High medical, demographic and social significance of arterial hypertension (AH) determines the relevance of studying various reasons for different prevalence of the disease in the population. There can be many reasons for AH development and this predetermines the need for defining and evaluating its predictors in order to achieve better prevention, diagnosis and treatment. Most researchers think that AH is a multigenic and multifactorial disease resulting from both hereditary factors and various social, occupational, physical or ecological exposures [1-3].

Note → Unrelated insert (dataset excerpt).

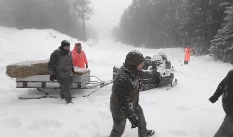 Bursa'da Doğa Koruma ve Milli Parklar personeli, kış şartlarında yiyecek bulmakta zorlanan yaban hayvanları için, karla kaplı Uludağ'a, 500 kilo buğday ve mısır ile 6 balya ot bıraktı.

Occupation as one of the risk factors for AH development has been reported in many studies [4-7]. It should be noted that occupation is not only a combination of physical, biological and chemical exposures at a workplace, work difficulty and strain but also a multicomponent system largely determining various aspects of a person’s life activities. Social importance of work doesn’t raise any doubts and it predetermines a whole range of AH risk factors, e.g. social status, education, intelligence, living standards, the level of social adaptation, etc. The association of occupation and way of life components, such as physical activity, dietary and social habits, etc., has been actively discussed. Besides, as it has been stated above, an individual spends most of his working lifetime being exposed to a combination of occupational factors (often high levels of exposure) and certain work difficulty and strain, which depend on the type of occupation.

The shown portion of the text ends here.